## TO DO
From the material below, retype exactly the lines that begin at the line with "Sun-kissed and effortlessly" and end after the line with "Nova prèvia de"; pictures stay out of the copy.

## DATASET EXTRACT
----

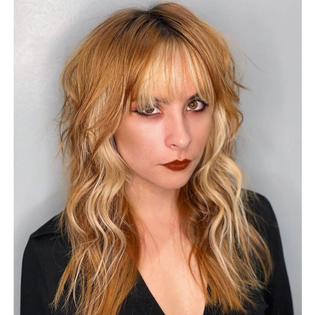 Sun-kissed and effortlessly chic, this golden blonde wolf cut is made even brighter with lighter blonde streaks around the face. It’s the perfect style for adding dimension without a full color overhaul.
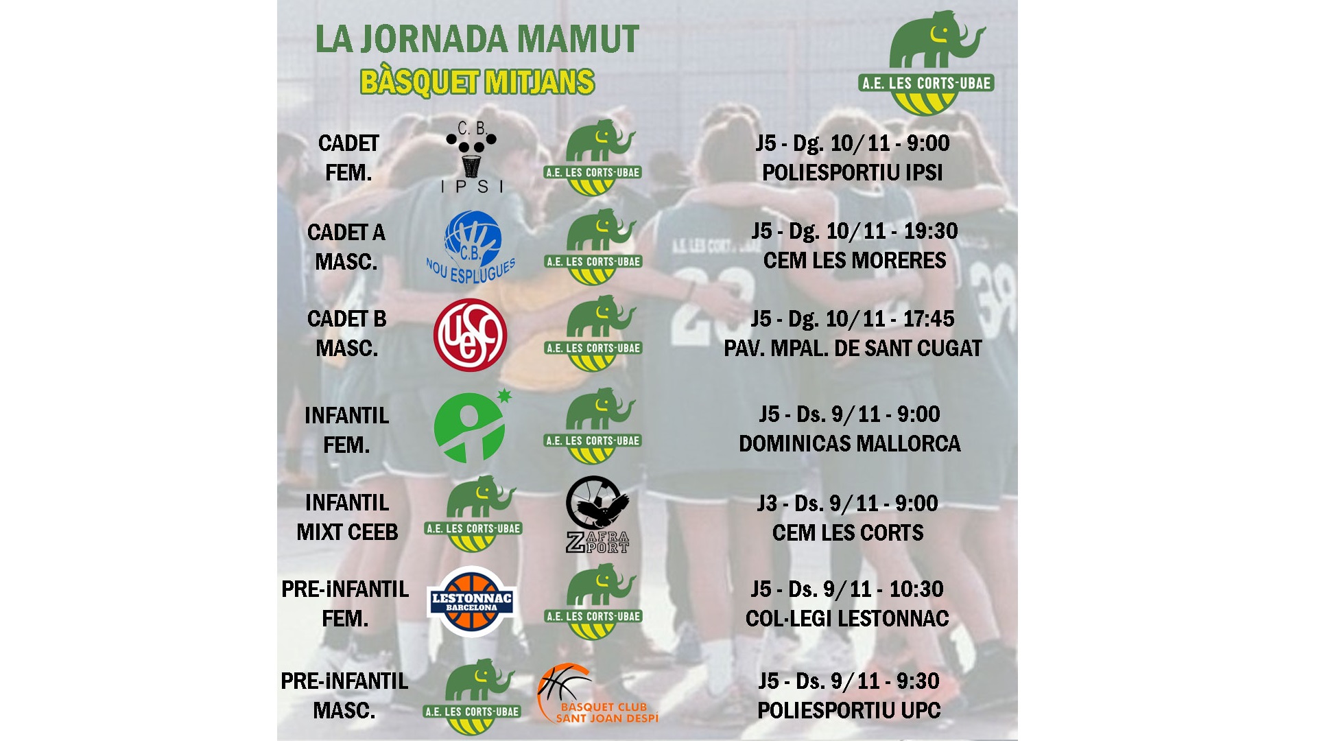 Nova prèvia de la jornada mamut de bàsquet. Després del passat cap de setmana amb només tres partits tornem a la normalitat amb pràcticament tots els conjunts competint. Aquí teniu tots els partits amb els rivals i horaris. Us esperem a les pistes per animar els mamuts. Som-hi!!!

----

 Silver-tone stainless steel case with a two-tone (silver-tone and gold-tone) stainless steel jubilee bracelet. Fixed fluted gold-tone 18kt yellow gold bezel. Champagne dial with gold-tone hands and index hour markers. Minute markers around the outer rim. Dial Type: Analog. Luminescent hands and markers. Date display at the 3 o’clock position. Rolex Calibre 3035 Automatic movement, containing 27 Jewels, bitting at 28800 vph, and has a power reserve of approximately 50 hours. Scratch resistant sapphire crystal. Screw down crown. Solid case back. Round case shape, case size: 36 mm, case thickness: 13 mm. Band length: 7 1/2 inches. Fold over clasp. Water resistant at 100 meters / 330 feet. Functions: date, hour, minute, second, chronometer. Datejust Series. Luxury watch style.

----

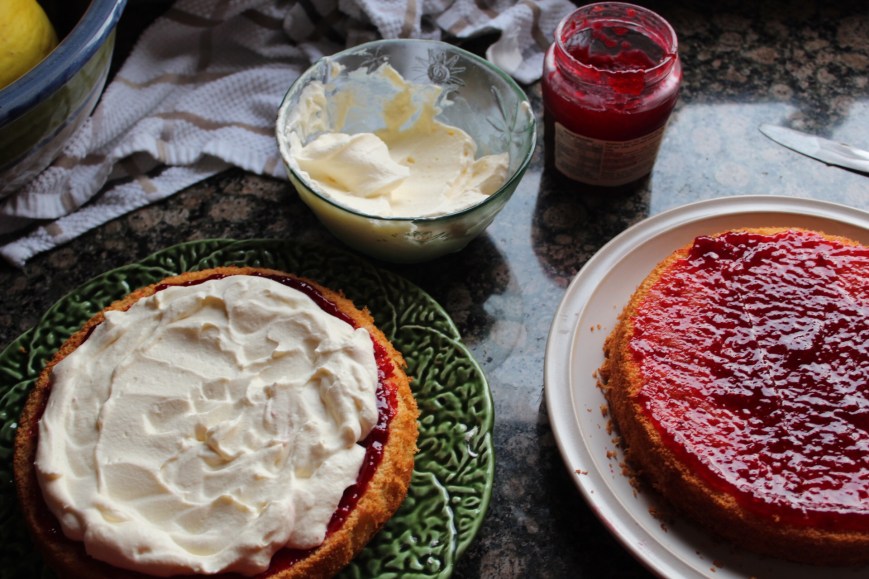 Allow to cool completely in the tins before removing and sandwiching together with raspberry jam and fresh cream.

----

## TASK ANSWER
 Sun-kissed and effortlessly chic, this golden blonde wolf cut is made even brighter with lighter blonde streaks around the face. It’s the perfect style for adding dimension without a full color overhaul.
 Nova prèvia de la jornada mamut de bàsquet. Després del passat cap de setmana amb només tres partits tornem a la normalitat amb pràcticament tots els conjunts competint. Aquí teniu tots els partits amb els rivals i horaris. Us esperem a les pistes per animar els mamuts. Som-hi!!!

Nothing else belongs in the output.